▶ **PROBLEM REQUIREMENTS**:
Restate the listing below word for word, pictures excluded.
== SOURCE DATA ==
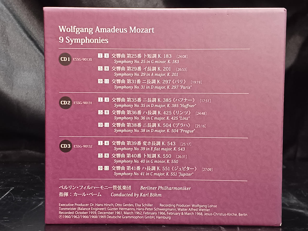 演奏: カール・ベーム指揮、ベルリン・フィルハーモニー管弦楽団3枚組 収録内容:モーツァルトの第35番~第41番など、後期三大交響曲を含む成熟期の傑作 |
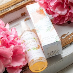 The natural White Sage and Palo Santo spray gently cleanses the space and wraps it in a fresh, sweet scent.
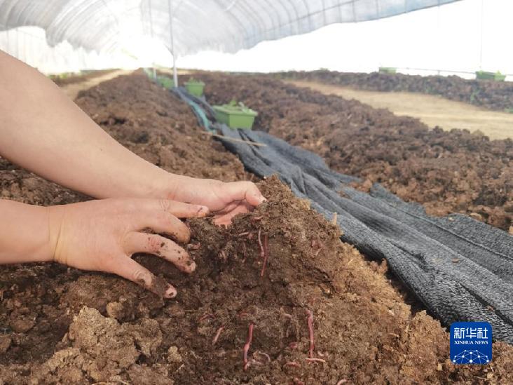 阿壩州遠(yuǎn)龍養(yǎng)殖有限公司在大棚里用牛糞養(yǎng)蚯蚓。新華社記者 李倩薇 攝
===
▶ **EXERCISE SOLUTION**:
 演奏: カール・ベーム指揮、ベルリン・フィルハーモニー管弦楽団3枚組 収録内容:モーツァルトの第35番~第41番など、後期三大交響曲を含む成熟期の傑作 |
 The natural White Sage and Palo Santo spray gently cleanses the space and wraps it in a fresh, sweet scent.
 阿壩州遠(yuǎn)龍養(yǎng)殖有限公司在大棚里用牛糞養(yǎng)蚯蚓。新華社記者 李倩薇 攝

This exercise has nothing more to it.